Much more in the latter than in the former, I imagine, and with good reason: there's not much The Atlas Society could or would do based on my comment -- certainly not by comparison of what's within the power of a U.S. president.
That's why it's troubling that, as Kimberly A. Strassel has written in the Wall Street Journal, President Obama's campaign has publicly identified several of his Republican opponent's donors and suggested that they are not quite reputable. If we could trust that a denunciation by the president was nothing more than an expression of his opinion, then it might breach civility, it might even be defamation, but it would not be fundamentally different from a similar statement by any other candidate.

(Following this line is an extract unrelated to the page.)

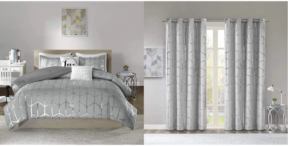 - Fabrication – polyester brushed microfiber accented with geometric silver printing. Decorative pillows come with intricate embroidery and metallic printing to complete the collection. Modern style with stunningly eye catching glamorous design to match your diva personality

We have to ask: What destroyers, "leash'd in like hounds," crouch at the president's heels -- and will he employ them?
Among the agencies accountable to the president are the Internal Revenue Service and the Department of Labor. Yesterday, Strassel wrote that these two agencies have both told Frank VanderSloot, who appeared on the campaign's list, that they're going to audit him. It's unknown whether there's a causal connection. But considering that these are the man's first audits, there's at least a basis for suspicion.
And if these two agencies chose a target because he donated to one of the president's opponents, what other agencies might target supporters of Republican Mitt Romney or Libertarian Gary Johnson? There are so many agencies within the executive branch, it's hard to count them -- and their powers are wide-ranging, especially over businessmen, such as VanderSloot.
This isn't just a reason to criticize one president's campaign. It's a reminder of how dangerous the presidency has become.